Wednesday, January 13, 2010

Good Day, Not Telling the Truth, Dates, Creeper, Creeper Plays Bingo

Day 139

Today was a remarkably good day. I didn't stab myself or go on any awkward pseudo-dates. It was the kind of day when you opened your blinds and danced to music and in your mind you think you look like you were one of the leads in Dirty Dancing. I was, you know, insane. After my glee festival I packed off and headed to something called a "Brown Bag Lunch" which meant, bring your own damn food if you wanna eat, the Writing Department can't afford to pay to remove the asbestos from the walls let alone give out free lunches. Hopefully the toxicity of the the asbestos-filled air makes us better writers or at least delusional enough to think that we are amazing writers instead of just killing us slowly.

Anyway, I went to this lunch that wasn't a lunch to find that it was my fellow students in the Creative Writing program discussing the program and their likes and dislikes so far. There was one lady from the undergrad program who said that she didn't feel like there was any sort of camaraderie or "networking" going on. Some people say that you should always tell the truth and I used to believe that until today. How do you tell this woman that the reason she doesn't get invited to things or "networks" with her fellow students is because she is older and they are too stupid to realize the value of older people (they usually have something interesting that has happened to them and makes for a good story that usually starts out with, "When I was addicted to PCP, I...). Also, they are afraid of her and see her eagerness to be back in school as an air of superiority. And, if you don't put yourself out there don't expect anyone to come and invite you to their goddamn birthday party or anything. Plus, she is a suck up and nobody likes suck ups (Note: In Canada a suck up or kiss ass is called a "keener").

So, at supper tonight not only did I move seats to sit closer to the guy that I went on a horrid pseudo-date with but I asked him out. Apparently, it's not just him that didn't register that when I went to the movies with him I leaned as far as I could away from him and kept my hands to myself I obviously didn't realize what it meant either. Geez, now I have to sit through another movie with this guy. Cripes. I suppose I could cancel but how rude is it when you invite someone out and then you are the one who cancels? Ahh, I never claimed to be polite.

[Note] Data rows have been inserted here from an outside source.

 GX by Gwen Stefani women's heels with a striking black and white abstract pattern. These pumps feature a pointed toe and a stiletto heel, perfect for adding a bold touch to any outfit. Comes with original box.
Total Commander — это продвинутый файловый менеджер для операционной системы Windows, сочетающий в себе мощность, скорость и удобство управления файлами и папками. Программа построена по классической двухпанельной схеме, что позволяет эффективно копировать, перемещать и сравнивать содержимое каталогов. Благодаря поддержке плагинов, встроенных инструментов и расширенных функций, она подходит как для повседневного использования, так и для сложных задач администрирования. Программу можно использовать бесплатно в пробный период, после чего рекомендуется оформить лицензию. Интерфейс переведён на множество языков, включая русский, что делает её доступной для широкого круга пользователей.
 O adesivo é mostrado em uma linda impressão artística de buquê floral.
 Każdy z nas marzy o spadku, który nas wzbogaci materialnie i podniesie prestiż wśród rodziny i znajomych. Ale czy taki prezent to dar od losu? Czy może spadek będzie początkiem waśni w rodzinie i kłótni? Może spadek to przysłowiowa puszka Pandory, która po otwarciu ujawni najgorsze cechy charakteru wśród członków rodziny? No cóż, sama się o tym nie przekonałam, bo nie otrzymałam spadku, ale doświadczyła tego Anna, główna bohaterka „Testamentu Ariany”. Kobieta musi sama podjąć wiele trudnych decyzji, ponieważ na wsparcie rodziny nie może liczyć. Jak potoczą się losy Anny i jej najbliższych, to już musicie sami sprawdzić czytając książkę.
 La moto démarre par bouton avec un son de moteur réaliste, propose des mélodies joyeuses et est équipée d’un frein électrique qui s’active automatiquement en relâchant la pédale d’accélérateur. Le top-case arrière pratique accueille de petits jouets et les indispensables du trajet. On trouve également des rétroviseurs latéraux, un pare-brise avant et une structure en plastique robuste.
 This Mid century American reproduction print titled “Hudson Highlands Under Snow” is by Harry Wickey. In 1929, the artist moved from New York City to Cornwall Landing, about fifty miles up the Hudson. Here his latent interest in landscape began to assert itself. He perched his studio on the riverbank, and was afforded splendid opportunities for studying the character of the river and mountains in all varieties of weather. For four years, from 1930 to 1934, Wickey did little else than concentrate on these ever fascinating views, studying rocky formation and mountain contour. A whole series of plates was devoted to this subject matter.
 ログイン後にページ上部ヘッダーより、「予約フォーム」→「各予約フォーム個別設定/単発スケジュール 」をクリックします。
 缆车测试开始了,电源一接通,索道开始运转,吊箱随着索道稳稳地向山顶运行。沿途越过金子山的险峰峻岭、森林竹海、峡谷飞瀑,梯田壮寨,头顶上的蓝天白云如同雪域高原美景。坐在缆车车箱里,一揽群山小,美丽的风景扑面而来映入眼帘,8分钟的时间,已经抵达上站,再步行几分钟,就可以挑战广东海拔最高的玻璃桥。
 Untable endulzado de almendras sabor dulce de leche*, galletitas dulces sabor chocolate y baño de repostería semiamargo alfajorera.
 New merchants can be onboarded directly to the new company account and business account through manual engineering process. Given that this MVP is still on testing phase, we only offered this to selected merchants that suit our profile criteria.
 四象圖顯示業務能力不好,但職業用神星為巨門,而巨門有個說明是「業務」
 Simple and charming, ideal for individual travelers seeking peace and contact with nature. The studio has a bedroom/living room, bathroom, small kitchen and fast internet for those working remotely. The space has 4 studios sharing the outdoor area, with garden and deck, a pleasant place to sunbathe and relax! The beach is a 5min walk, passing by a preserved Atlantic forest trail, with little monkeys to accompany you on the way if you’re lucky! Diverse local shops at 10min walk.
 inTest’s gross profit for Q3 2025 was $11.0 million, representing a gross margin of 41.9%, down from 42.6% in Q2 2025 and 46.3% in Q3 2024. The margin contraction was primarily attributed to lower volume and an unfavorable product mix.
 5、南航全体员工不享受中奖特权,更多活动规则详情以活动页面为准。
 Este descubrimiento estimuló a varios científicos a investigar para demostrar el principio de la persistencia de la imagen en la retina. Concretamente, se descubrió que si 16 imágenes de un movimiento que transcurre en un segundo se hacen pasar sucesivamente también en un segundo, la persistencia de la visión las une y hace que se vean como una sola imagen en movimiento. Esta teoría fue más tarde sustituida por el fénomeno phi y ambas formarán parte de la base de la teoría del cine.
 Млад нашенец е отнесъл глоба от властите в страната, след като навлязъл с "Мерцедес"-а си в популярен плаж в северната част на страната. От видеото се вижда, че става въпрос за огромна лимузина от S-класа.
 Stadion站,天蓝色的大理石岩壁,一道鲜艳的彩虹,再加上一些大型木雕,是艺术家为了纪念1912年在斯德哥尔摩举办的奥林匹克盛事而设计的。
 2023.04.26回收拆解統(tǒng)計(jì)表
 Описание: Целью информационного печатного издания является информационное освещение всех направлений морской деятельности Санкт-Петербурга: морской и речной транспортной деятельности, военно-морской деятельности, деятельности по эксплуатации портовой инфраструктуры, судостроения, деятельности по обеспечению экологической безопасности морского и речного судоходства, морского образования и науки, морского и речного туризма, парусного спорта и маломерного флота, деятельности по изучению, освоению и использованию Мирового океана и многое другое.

Tonight I had to work at the pub with my friend and our co-worker who is a large, African guy who is in his 10th year of getting a PhD and has a penchant for saying the most inappropriate thing possible at all times. This inappropriateness often starts with, "Tell me about your love life..." This usually gets him into trouble with female co-workers but not with me and my friend who was working tonight, we've come to enjoy his nastiness. Well, except his ass crack sticking out of his pants and the way that he tells me that I am fat and should go to the gym but other than that he is a the perfect creepy old guy AND he super dumb which is quite humourous.

But, tonight was special. The manager thought it would be a great idea to host a bingo night at the pub as a way to draw in customers. I wonder if he has ever been actually seen the types who play bingo. My friend, myself and the creeper co-worker and we were the only ones playing. Technically, we couldn't even win the shitty prizes (promo stuff from beer companies) but, I stole a shirt. So, as we are playing, the creeper is shouting out the following phrases:

"Yeah, faster, faster."
"That's what I want. Yeah."
"Give it to me."
"Yes! Yes! Yes!"
"That feels good."
"I like to play hard."
And my favorite, the inexplicable, "I am coommmmmmmmmming." Why would anyone scream this when they are playing bingo? Well, unless...

So, all said it was a pretty good day nothing like morning insanity and dirty bingo.